On the subject there are some very elucidating works and reflections, such as the book “The Bankruptcy of the PT” (2003) by Robaina and Luciana Genro, the article “The financialization of trade union bureaucracy in Brazil” (2011) by Ruy Braga and Alvaro Bianchi or even the essay “The Platypus” (2003) by the great sociologist Chico de Oliveira. In the latter case, it is appropriate to pay attention to his explanation for the emergence of a ‘new class’ (pension fund administrators). In a good summary of “The Platypus”, elaborated by Folha de SP newspaper in 2003, when PT tried to approve its Pension Reform, we find:
“What characterizes Brazil’s recent history is the fact that trade unionists have become capitalists without capital: they have ceased to be workers without having become entrepreneurs.

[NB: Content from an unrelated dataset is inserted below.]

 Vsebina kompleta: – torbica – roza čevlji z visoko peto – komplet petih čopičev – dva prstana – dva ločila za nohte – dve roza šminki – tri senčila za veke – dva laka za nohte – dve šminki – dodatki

They are not bourgeois because they do not own the property of the companies, but they control the public resources that capital needs to survive.
The evolution of the country ended thus in an anomalous nation, that is no longer underdeveloped, because it managed to industrialize, but was not developed, since it can only accumulate capital by drowning public resources. To explain the social creature resulting from this “truncated accumulation” Oliveira used the image of the platypus, a mammal with a duck’s beak which lays eggs. “
In an interview to a newspaper that same year, Chico de Oliveira developed better where he wanted to go:
“The goal of this new social class is not the expansion of labor rights, but good financial management, because ‘what is in play is their retirement.’ It is these fund managers who have defined the conservative economic policy of the Lula government. (…) The workers were transformed into operators of pension funds, PT’s hard core “.

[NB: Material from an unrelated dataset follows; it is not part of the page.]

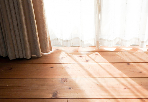まずはカーテンを設置するお部屋への日光の入り方、照明の当たり方などを確認します。

Later, Oliveira added lucidly that in PT the syndicalist fraction acquired a greater predominance in the internal correlation of forces within the party and merged with the fraction properly called ‘political’ in its origins. The most visible exponents of this clique were Gushiken, Berzoini, Delúbio, Vaccari, Okamoto, Paulo Bernardo, Gilberto Carvalho, Lula, Palocci and Dirceu.
If existence determines consciousness, in this new social location of the PT direction, those who administer the millionaire pension funds, at the same time, argue that these funds logically maximize their profits, which will ultimately imply defending exploitative capital, and not the exploited worker – let alone the environment! It is therefore necessary to conclude that its interests are also the interests of the bourgeoisie, especially the most parasitic rentiers, with the added advantage that he does not need to wear down his cadres with the burden of the “political window”, combining ‘passive consensus’ guarateeing mechanisms from subaltern classes with the ‘active consensus’ of trade union bureaucracies.
Expanding this perspective, it is convenient to return to the concept of the ‘managerial class’ of Dumenil / Levy (developed in the book “The Crisis of Liberalism” 2011). These French economists mention the differentiation of a new managerial class, ‘high-ranking allies’ that operate to the benefit of the higher income strata, that is, the capitalist proprietors and the upper management fractions. The greater concentration of income will be the crucial achievement of the new social order. This analysis seemed very interesting and powerful for us to understand the managerial role that the old European social democracy, PT in Brazil, and other political groupings around the world started to play.
The political domains of the parties identified (more in rhetoric and symbology than in practice) with the working and popular sectors are so integrated into the reproduction of the capitalist metabolism that they gradually become alienated castes distanced from the interests of the medium and low classes of society, that is, their classes of origin. If they are not exactly bourgeois, since they are not the actual holders of the means of production, they attach their structural destiny to the structural success of the great bourgeoisie. Instead of being the gravediggers of Capital, they become their doctors, as Dr. Palocci evidences with its millionaire estate.
It is precisely this process that has contaminated PT’s apparatus. The majority of PT’s leadership (the pétit commité that expelled party radicals in 2003 and even would accept to substitute Babá by Geddel Vieira Lima in 2003!) celebrated its serious and unwavering commitment to the bourgeoisie through the aforementioned Letter to the Brazilians, clear evidence of its political transformation. It was the social change of this direction that explains what has happened on the political plane. The “blood pact” with the great vampire bourgeoisie of Brazil prevents the PT from harboring any minimally emancipatory project. Going back to the metaphor of the soccer fields, it is as if we expect a player to score goals for our team, even though he has already signed a contract with his opponent. And if there is one thing that PT has been able to do so far, is to respect the contracts … with the bourgeoisie!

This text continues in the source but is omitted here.